Grace Slick plays – and paints – Monterey Pop

Grace Slick plays – and paints – Monterey Pop

Grace Slick is one of the few rock artists who declared that they wouldn’t perform on stage past age 30—and stuck to it.

(Mick Jagger, famously, was another.)

She split from the Jefferson Starship soon after reaching that landmark age, returning only a couple of times for fundraising concerts and short tours. One show is here on Qello, titled The Definitive Concert, recorded in 1983, when Grace was – yikes! – almost 45.

After a final, final show in 1989, Slick retired to Malibu, where she got involved in animal causes and took up painting.

Nowadays, when she tours, it’s to appear at traveling exhibits of her artwork.

A few years ago, she invited me to a showing at a hotel in downtown San Francisco. When I got to the table where she was receiving guests, she told me she had something for me. It turned out to be a new painting, called “Monterey,” a colorful rendering of the watershed pop festival of 1967. She painted the California fairgrounds, with a backdrop of concession stands, including one featuring Rolling Stone and Creem magazines. Up front was a coterie of artists: Jimi Hendrix, Jerry Garcia, David Crosby, Mama Cass, Otis Redding, Pete Townshend, Roger Daltrey, Keith Moon, Neil Young, various members of the Airplane, Ravi Shankar, Ghandi, and a special guest: a white rabbit.

She pointed to a figure standing behind Jimi and Brian Jones, in the lower right corner. “That’s you,” she said. “No, it’s not,” I replied. It was a bespectacled young man in a blue shirt. I wear glasses as well as the occasional blue shirt. But this guy had a curtain of black hair more befitting…well, Grace Slick. “I never had long hair like that,” I said. “Yes, you did,” said Grace. “I remember.”

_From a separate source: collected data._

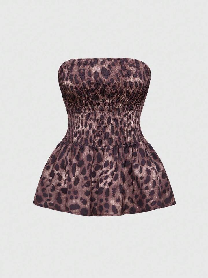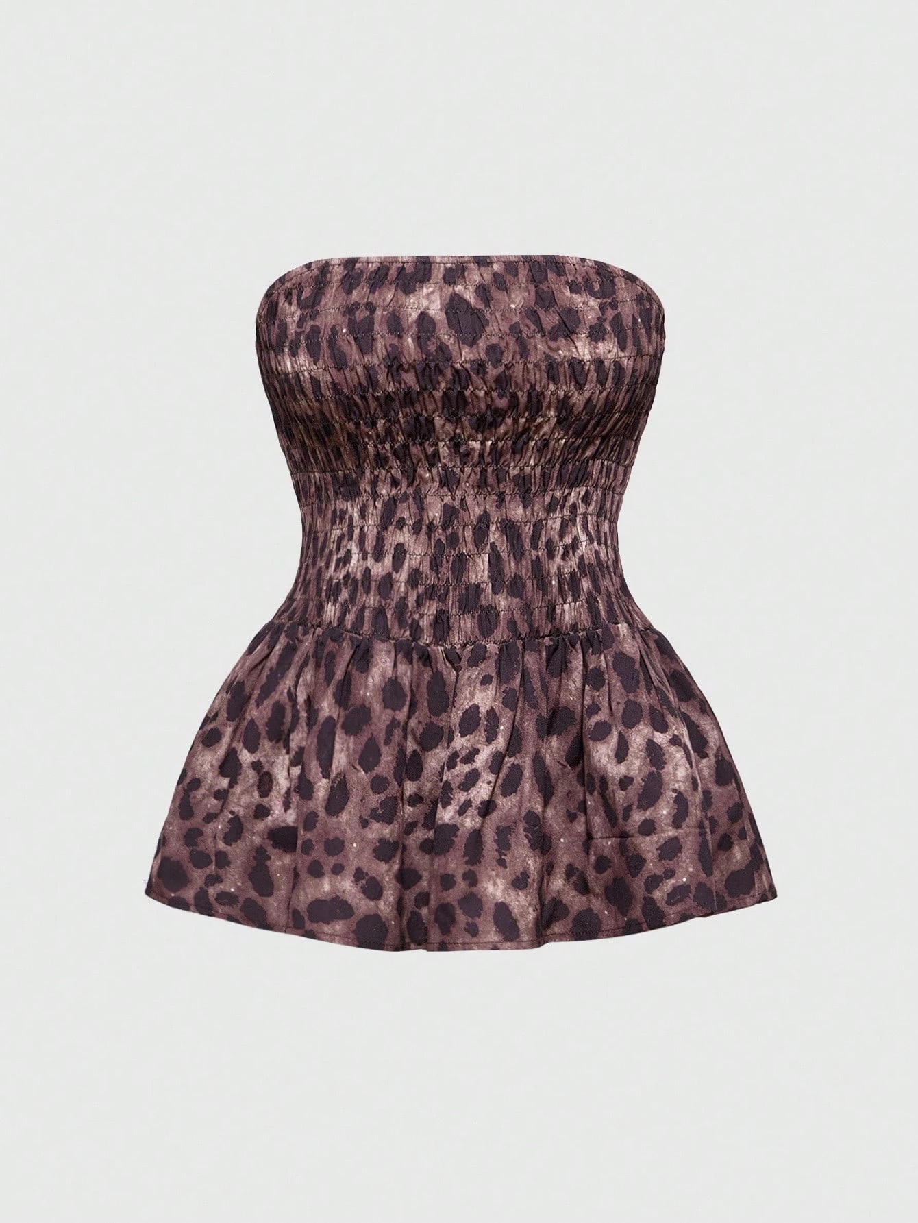 J-Fashion ملابس علوية نسائية بطبعة نمر وكشكشة على الحافة
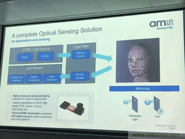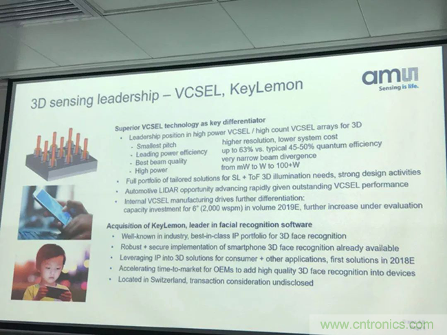 收購案例#2:艾邁斯半導體曾收購一家在做面部識別軟件方面特別強的企業KeyLemon,這家公司已有7年的歷史了,具備領先的3D人臉識別知識產權庫。同時,他們的軟件現在已經能在安卓系統中運行了。因此,艾邁斯半導體可以在消費類應用中提供可用于3D感應的軟件+硬件解決方案。“我們本身的傳感優勢,加上收購企業的技術,我們便可提供世界一流的完整解決方案。除了VCSEL之外,還有TOF(飛行時間)和結構光等,可以通過我們的傳感技術整合成一個完整的解決方案。” Everke指出。
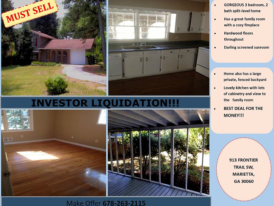 Investor Liquidation must sale!!! Make offer. Sold as is at a discounted price. This GORGEOUS 3 bedroom, 2 bath split-level home has a great family room with a cozy fireplace, hardwood floors throughout, lovely kitchen with lots of cabinetry and view to the family room. Home also has a large private, fenced backyard and darling screened sunroom. Best deal for the money!
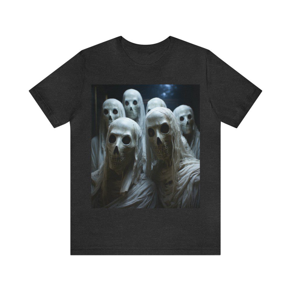Step into a realm of mystery and intrigue with this captivating collection of ethereal skeleton-men draped in flowing robes. As the masked figures beckon you closer, their secrets remain hidden behind their white masks. — With this shirt, you’re not just wearing an image; you’re donning a tale of the unknown, inviting everyone you meet to unravel the mystery… and to be a bit scared with you, too!
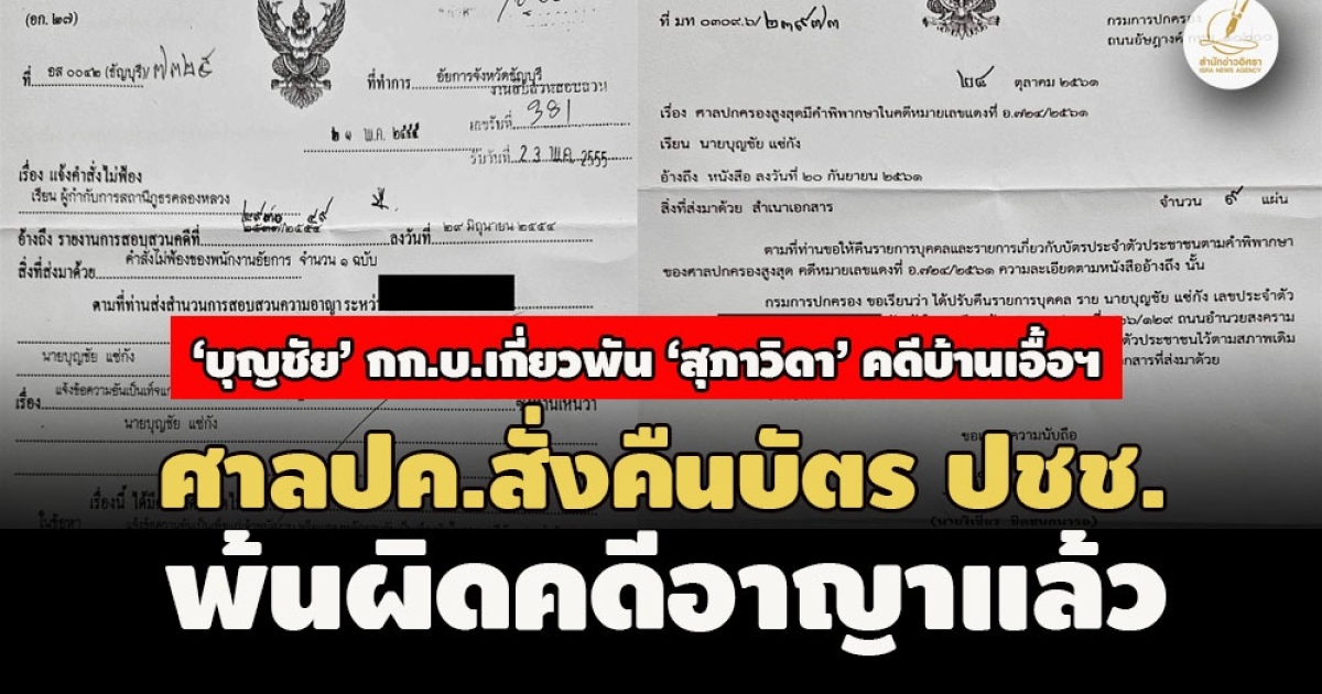‘บุญชัย’ กก.บริษัทเกี่ยวพัน ‘สุภาวิดา’ คดีบ้านเอื้ออาทรแจงศาลปกครองสูงสุดสั่งคืนชื่อทะเบียนราษฎร-บัตรประชาชน อัยการไม่ฟ้องคดีอาญาข้อหาร่วมมือ จนท.-แจ้งความเท็จ ไม่ผิดตาม พ.ร.บ.ประกอบธุรกิจของคนต่างด้าวหลังดีเอสไอกล่าวโทษก่อนหน้าแล้ว
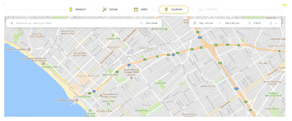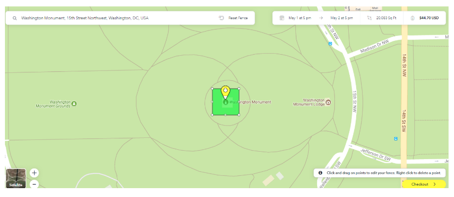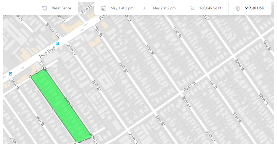 When you’ve selected the date range, you can move on to the location. Here, you can select a specific address or destination, or draw your own “fence.” The cost of your order will increase with the size of the area.
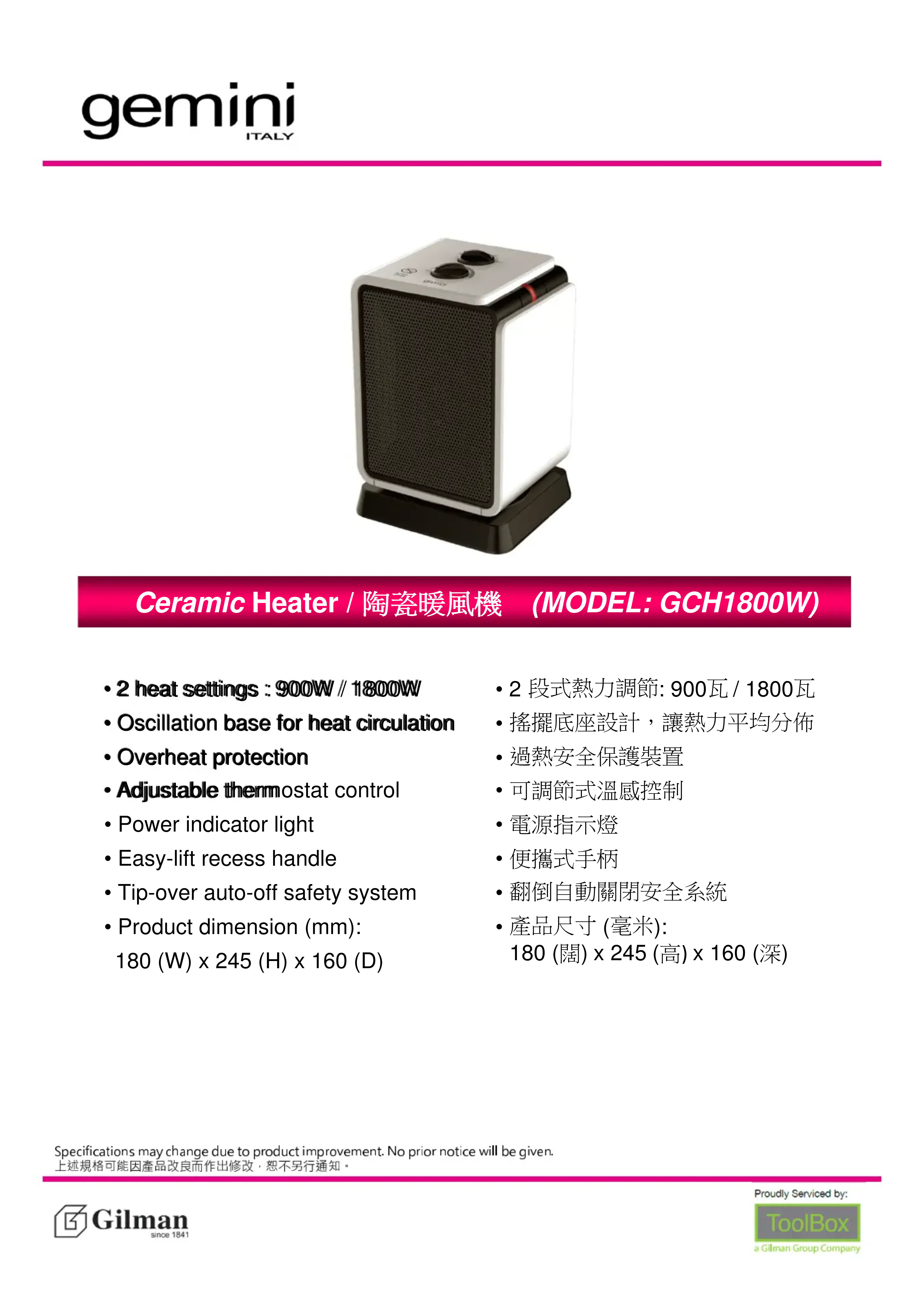 GCH1800W - Chauffage électrique GEMINI - Notice d'utilisation et mode d'emploi gratuit

Actually, I didn’t, but, having just been presented with a lovely gift, I was not about to continue to argue, or to ask her who she thought, between the two of us, had more acid trips. (I had one, and it was more a stumble than a trip.) As for the fact that I wasn’t there, and that Rolling Stone wouldn’t publish its first issue until later that year, she shrugged an artistic licensing kind of a shrug. “You should have been there,” she said, and she was right about that.

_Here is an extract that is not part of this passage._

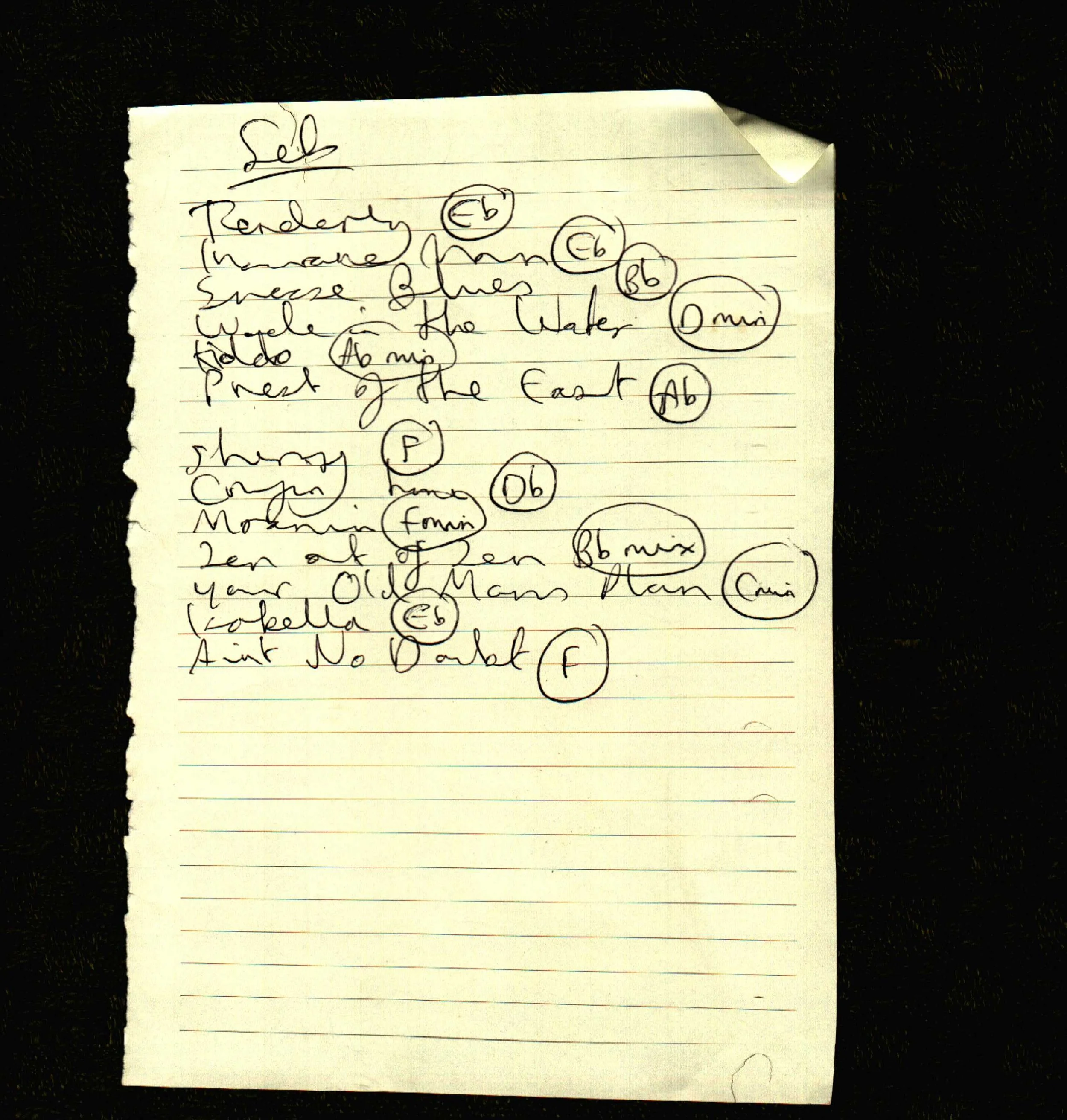 TCR/24/0027 MISC 24 Feb Written By Trash City Setlist from Olivia Cuttill Quintet’s launch for their debut album, ‘The Whole Damn Plan’. Date: 2023 Fergus QuillOlivia Cuttill Quintetsetlist Trash City
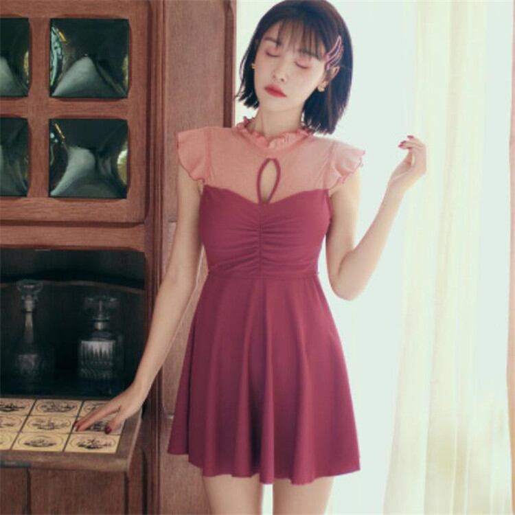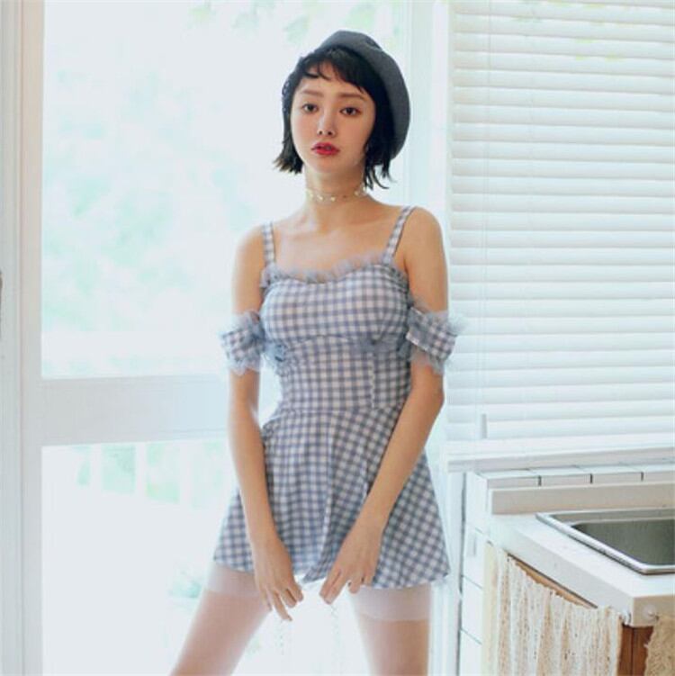 格子縞 蝶結び 水着 カバー腹 スリム 保守的 スプリット 3点セット 小さな胸元

Here’s a photo of the painting. Good luck finding me. Besides the illustration, Slick offered a few words, many years and insights after the fact:

“Throughout history there have been delightful little blobs of collective hope,” she wrote. “For a couple of years in the late Sixties, no matter what was going on in the world, our generation happily assumed that with love and education we could change outdated social systems. One huge thing that we missed: Ninety percent of the population is genetically imbued with sub-mediocre reasoning skills. No matter how much you hug them or read to them, there’s no correcting stupid.”